Annie could not sleep.
It didn’t help that Sullivan was out until the very early hours of Thursday morning, and by the time he did arrive she felt that it would be too much for him to carry her burdens.
She thought of David. A great deal. The
need
to know where he was became a preoccupation, an intensity that almost consumed her. A little after one in the morning she even considered taking a cab out to where he lived. She guessed she could have found it, but the idea of trawling the streets around St Nicholas and 129th in the early hours of the morning frightened her. She was alone, at least for the time being, and she would have to bear it without support.
Eventually, as the sun rose and filled the room with a vague sodium-yellow ghost, she slept, and when Sullivan knocked on her door some hours later it was already past eleven and there was no way she could face The Reader’s Rest.
‘I need to find him,’ she told Sullivan once she’d made coffee for them both and they were seated in the kitchen.
‘Need?’ Sullivan asked. ‘Or want?’
‘Need,’ Annie stated emphatically. ‘I need to find out what happened with him.’
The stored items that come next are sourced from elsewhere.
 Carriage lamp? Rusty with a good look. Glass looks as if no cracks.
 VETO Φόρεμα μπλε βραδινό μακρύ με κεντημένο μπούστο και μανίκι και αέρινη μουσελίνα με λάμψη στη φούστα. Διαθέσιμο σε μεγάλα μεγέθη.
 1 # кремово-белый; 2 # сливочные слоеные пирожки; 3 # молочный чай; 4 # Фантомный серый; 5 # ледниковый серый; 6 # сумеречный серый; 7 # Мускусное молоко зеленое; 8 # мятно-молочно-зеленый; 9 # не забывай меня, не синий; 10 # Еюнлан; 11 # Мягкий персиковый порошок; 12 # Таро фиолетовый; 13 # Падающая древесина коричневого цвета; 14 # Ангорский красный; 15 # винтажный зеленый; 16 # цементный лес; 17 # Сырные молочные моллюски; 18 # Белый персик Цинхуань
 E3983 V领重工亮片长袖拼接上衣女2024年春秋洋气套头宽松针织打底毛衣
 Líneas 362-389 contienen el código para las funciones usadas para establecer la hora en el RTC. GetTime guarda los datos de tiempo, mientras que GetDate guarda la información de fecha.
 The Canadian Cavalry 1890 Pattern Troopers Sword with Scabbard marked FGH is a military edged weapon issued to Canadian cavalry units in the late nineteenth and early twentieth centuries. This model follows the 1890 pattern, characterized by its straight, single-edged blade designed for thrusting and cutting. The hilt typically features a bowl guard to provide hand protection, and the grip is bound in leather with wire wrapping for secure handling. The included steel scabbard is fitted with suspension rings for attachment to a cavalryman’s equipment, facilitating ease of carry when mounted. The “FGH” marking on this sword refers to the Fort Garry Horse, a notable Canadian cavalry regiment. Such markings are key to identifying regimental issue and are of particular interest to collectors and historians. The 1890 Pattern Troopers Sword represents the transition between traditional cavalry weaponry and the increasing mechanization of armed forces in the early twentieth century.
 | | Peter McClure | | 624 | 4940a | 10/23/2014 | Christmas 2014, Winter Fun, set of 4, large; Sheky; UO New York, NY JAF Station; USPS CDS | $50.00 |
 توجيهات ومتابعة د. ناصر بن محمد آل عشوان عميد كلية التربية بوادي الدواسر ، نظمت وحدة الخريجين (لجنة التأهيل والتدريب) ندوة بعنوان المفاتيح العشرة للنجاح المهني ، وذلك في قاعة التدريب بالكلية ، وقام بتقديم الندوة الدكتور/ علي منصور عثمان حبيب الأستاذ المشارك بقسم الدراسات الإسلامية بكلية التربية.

‘I can tell you that,’ Sullivan started, but Annie was shaking her head.
‘I got what you said about fear of commitment and all that, and I’m sure that’s part of it, but I want to hear it from him, from David you know?’
‘And what about your Mr Forrester? He came last night?’
‘He did.’
‘And he brought you the rest of the story?’
Annie nodded.
‘So tell me … what happened with these guys?’
‘I want to talk about David,’ Annie said. ‘I want to go over there, over to his apartment and talk to him.’
‘I don’t think you should do that Annie,’ Sullivan said.
‘Why the hell not?’
Sullivan smiled, but beneath that smile there was a flicker of concern. ‘What the hell happened to the shy and retiring Annie O’Neill that moved in with me all those years ago?’
‘She got pissed off Jack … pissed off with being stepped over and walked past and ignored, that’s what. I’m going to go over to his apartment and speak to him, and to tell you the truth there’s nothing that you can say or do to stop me.’
Sullivan raised his hands. ‘Hell Annie, you got fire in your belly today. I’m not going to stop you, not even gonna suggest it, but I think you better be prepared for the worst.’
‘The worst? What could be worse than not knowing Jack?’
‘Sometimes the truth is worse than not knowing.’
Annie shook her head. ‘Not in this case. If it’s me I want to know it, and if it’s David then fair enough, but I’m not giving up without a fight … you said that yourself, right?’
‘Suit yourself Annie O’Neill,’ Sullivan said. ‘Don’t let it ever be said that I interfered in matters of the heart.’
Annie rose and walked through to her bedroom.
Sullivan sat quietly while she dressed, called through one time to ask her where the manuscript was but Annie didn’t hear him, and when she appeared in the doorway, grabbed her coat from the chair and put it on, he asked her if she wanted him to go with her.
She shook her head. ‘Big girl now,’ she said. ‘I can handle this Jack.’
‘You’re sure?’
She nodded, reached out and touched his arm as she passed him. ‘I’ll be fine,’ she said.
‘The chapter?’ Sullivan asked as she reached the door.
‘Kitchen counter,’ she said. ‘Brown envelope. Stay here and read it if you want … make yourself at home.’